Mudou de cidade, mudou nome e sobrenome (nascera Eddy Bellegueule), mudou o jeito de falar, de andar, de comer, e ainda passaria por várias cirurgias em nome de uma aparência mais aristocrática.

Durante a infância e a adolescência, foram marcantes as experiências com o preconceito, a miséria e a fome. Seu pai não continha o incômodo odioso pelos trejeitos afeminados do filho; sua mãe o obrigava a implorar por comida aos vizinhos; seu primo foi morto na cadeia; seu irmão se tornou alcoólatra muito novo, e todos os homens da família, desde seu bisavô, tinham o mesmo destino precário: abandonavam os estudos muito cedo, trabalhavam na fábrica "moedora de ossos da coluna" com salários irrisórios e acabavam doentes.
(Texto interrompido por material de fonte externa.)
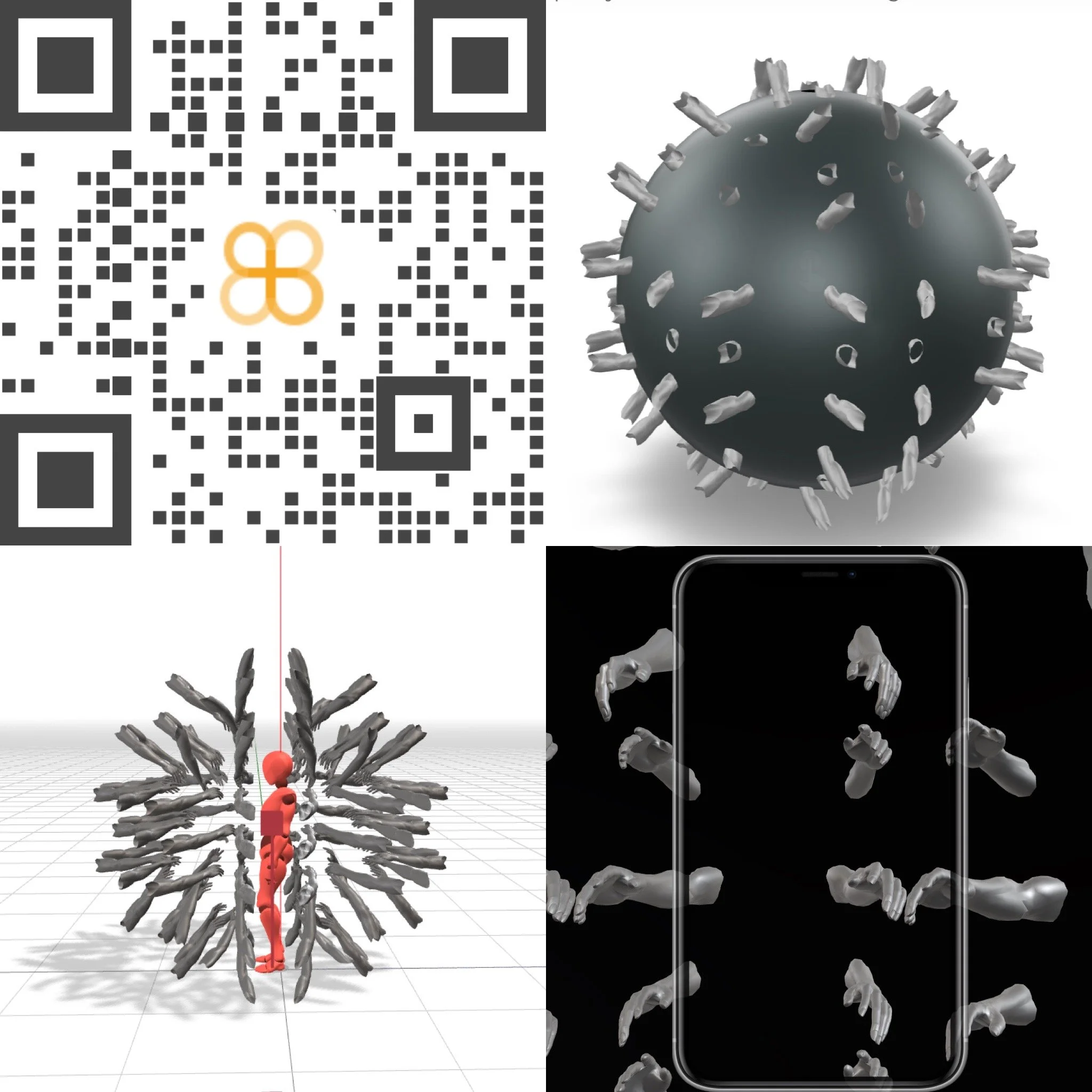Overwhelmed, 2024. Description: A virtual experience immersing the viewer in a shifting landscape of extended arms, engulfed in the darkness of an unseen virus. As the user moves in the space, the sense of isolation, vulnerability, and unseen contagion deepens, evoking the struggle for connection and survival in a destabilized world.. AR Platform: Hoverlay. Required Software: iOS or Android.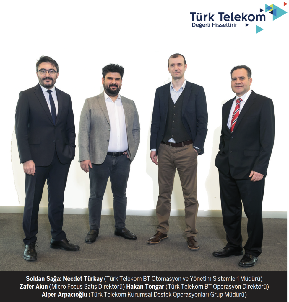 Dijital dönüşümle birlikte yeni teknolojilerin oluşturduğu ortamları izlemek için çok fazla entegrasyon gerekiyor. Büyük veriyi analiz eden akıllı izleme araçlarına ihtiyaç artıyor. Bu ihtiyaçtan yola çıkan Türk Telekom, müşteri deneyimlerinin izlenmesi ve iyileştirilmesi için yeni nesil teknoloji altyapılarını oluşturmaya odaklandı. Aynı zamanda büyük veriyi analiz ederek yönetebilecek bir ortam oluşturmak isteyen şirket, etki analizini hızlı yapan ve kök nedeni tespit edebilecek algoritmaları işleten bir yapılanma için Micro Focus ile “Müşteri Odaklı İzleme Yönetimi” projesini başlattı. Micro Focus Müşteri Çözüm ekibinin yanı sıra, Türk Telekom BT Operasyon Direktörlüğü desteğiyle, Türk Telekom Kurumsal Destek Operasyonları Grup Müdürlüğü’ne bağlı BT Otomasyon ve Yönetim Sistemleri Müdürlüğü koordinasyonunda 4 grup müdürlüğü ve 22 müdürlük projede paydaş olarak çalışmaya katkı sağladı.

homem loiro de jaqueta preta coloca as mãos nos bolsos em frente a parede escura de tijolos
O escritor francês Édouard Louis, autor de 'Mudar: Método' - Andreas Terlaak/Lumen

Ao tentar fugir da vila de operários onde nasceu, no norte da França, e da sua sina familiar ("Desejei fugir da minha infância mais do que tudo, desejei escapar do céu cinza e da vida condenada dos meus amigos de infância, privados de tudo pela sociedade"), Édouard trabalhou como garçom, atendente de padaria, zelador, "arrumador" em teatros, professor particular e garoto de programa. Mas foram os diplomas em filosofia e sociologia em uma das instituições de ensino superior mais famosas da Europa que dariam a ele o sonhado passaporte para uma realidade suficientemente longínqua e diferenciada da sua família e do seu passado.

Contudo, seu interesse em ser um intelectual parisiense de esquerda viria mais tarde, depois de assistir a uma palestra do escritor Didier Eribon (que se tornaria um de seus grandes mestres e amigos pessoais). Antes disso, e por algum tempo concomitantemente, sua maior fixação (que toma boa parte desse retrato tão detalhista e corajoso) era ser salvo pela riqueza e ser vingado pelo sucesso. Custasse o que custasse.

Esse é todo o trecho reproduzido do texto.